As a pythonista who has to work with Excel regularly, I’ve excited about this!
I’m excited too! Their implementation seems pretty slick and will open up Python to a whole new audience. I work as a data engineer/analyst and the downside of doing more advanced analysis that Python offers is that it’s so hard to share the results and keep them up to date. Plus now we can do proper regex in Excel!
I’ve seen some belly-aching online about the code executing on the cloud instead of locally. I get the drawbacks but anyone who has had to deal with managing different Python versions knows why they went the cloud route. Plus Excel can already be resource intensive with heavy Lookup usage and such. I can’t imagine the compute some Python calcs will require.
This seems pretty cool!
Also, this makes me think that a rumour that the GNU Project will be replacing Lisp with Python might make for a good April Fools joke this year
This is a nice feature.
Funnily, my first thought was it would open Excel to a new audience! Both are true, of course.
Thanks for the interesting link @Bmosbacker.
As a director of a data science degree and an information systems professional, I’ve always seen Excel as a way of siloing data so it is inaccessible to a company. In other words, using data badly. Python doesn’t help with this!

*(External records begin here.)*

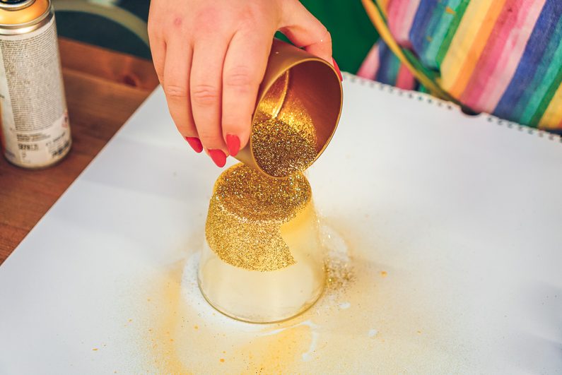 Spodní část skleničky nastříkáme zlatou barvou ve spreji a vložíme do třpytek v nádobce. Můžeme ještě dosypat další třpytky z lahvičky.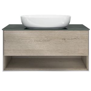 Kerama Marazzi Тумба PLAZA Modern PLB.M.100.1\OAK.O, подвесная 100 см,1 выдвижной ящик и открытая полка, цв.дуб Орегон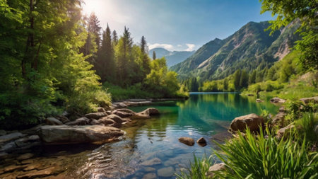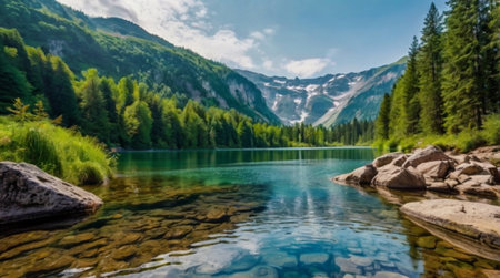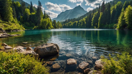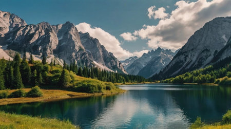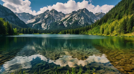 Beautiful mountain lake in the mountains. Summer landscape with a lake.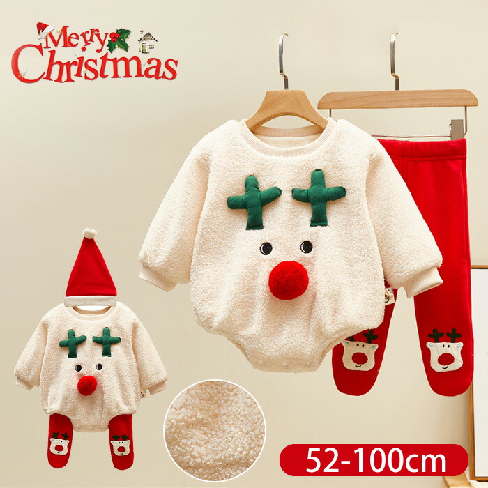 ベビー クリスマス ロンパース 裏起毛 帽子 長袖 ベビー服 赤ちゃん カバーオール キッズ コスチューム 新生児 出産祝い 写真記念撮影 サンタ風 サンタさん サンタ お祝い 誕生記念 プレゼ 衣装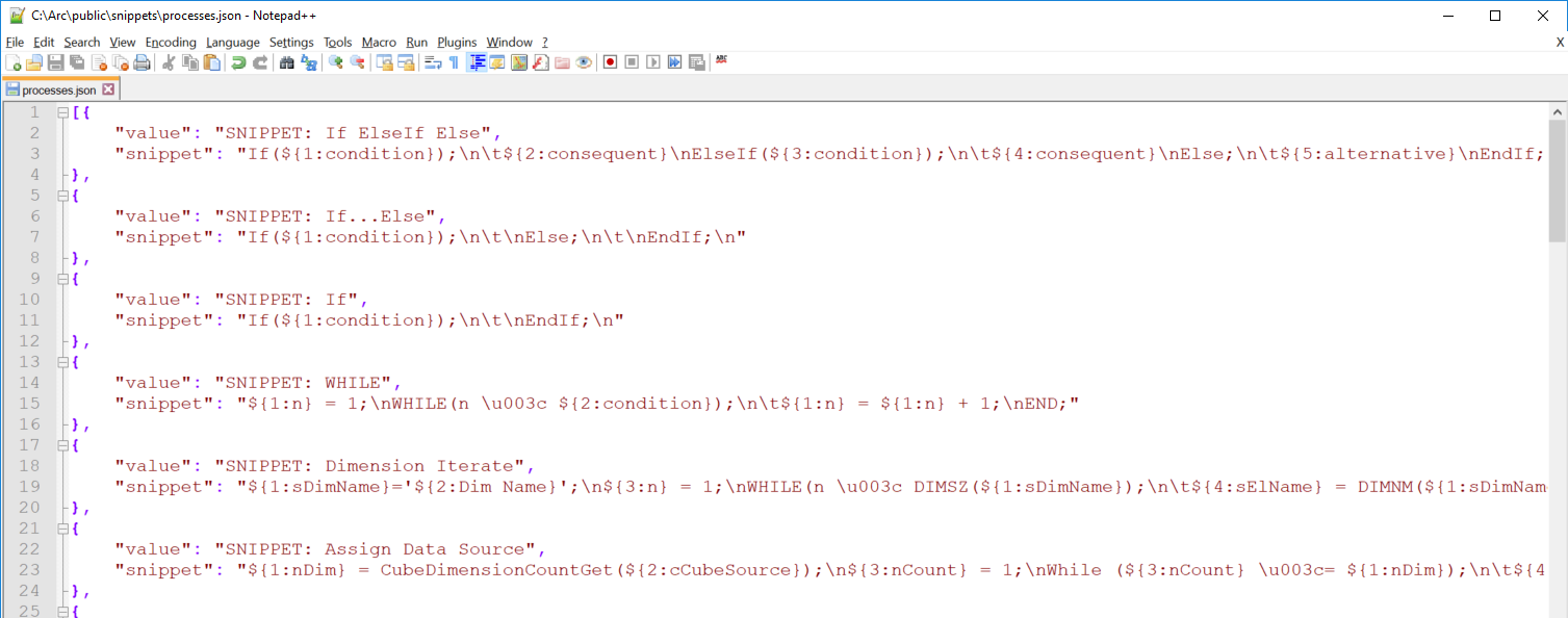 You don’t have to create the four files, if you just want to overwritte the snippets for the TM1 processes, you should just create public/snippets/processes.json file.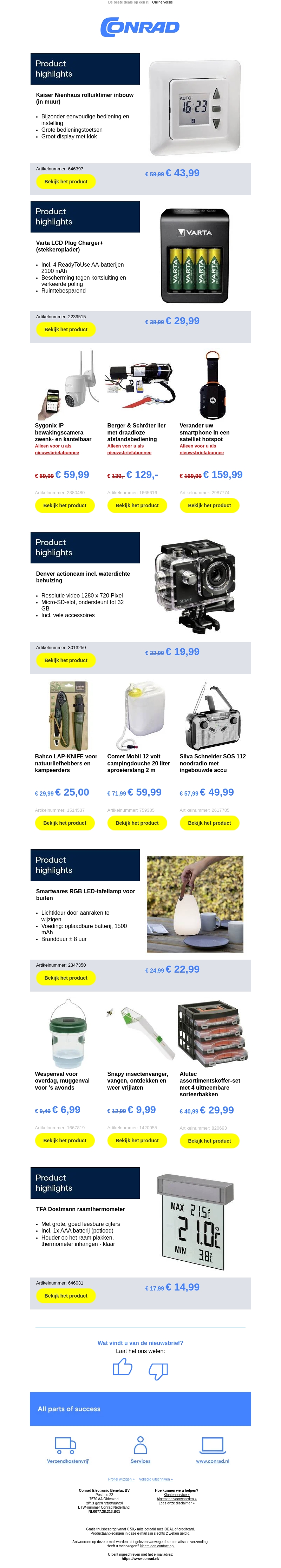 Conrad presenteert de nieuwste aanbiedingen van populaire producten. Van rolluiktimers en opladers tot smartwares-lampen en actiecams, er zijn volop deals te vinden. Bespaar nu en upgrade je gadgets en hulpmiddelen tegen scherpe prijzen.

It won’t make us change and teach our students Excel on under/postgrad degrees (they don’t have any classes in Excel for good reasons at UG level - it’s not a data science tool but an outdated Business Intelligence tool). It’s a bit like OpenAI and M$ wanting us to use Bing instead of Google - it’s not going to happen. It is a last-ditch attempt by Microsoft to recover another lost tool for professionals where better alternatives exist.
Long live Jupyter Notebooks/Google Colab/DataSpell - that’s the future of data. Only ecomonists, secretaries, and home users need Excel. Large organizations using it is a recipe for disaster as the data is inaccessible. SharePoint and OneDrive try to solve this, but they are not good data sources like a well-built relational or NoSQL database.
Files for data is an outdated way of working. Something more progressive like Watson Studio is the way forward, even for non-coders.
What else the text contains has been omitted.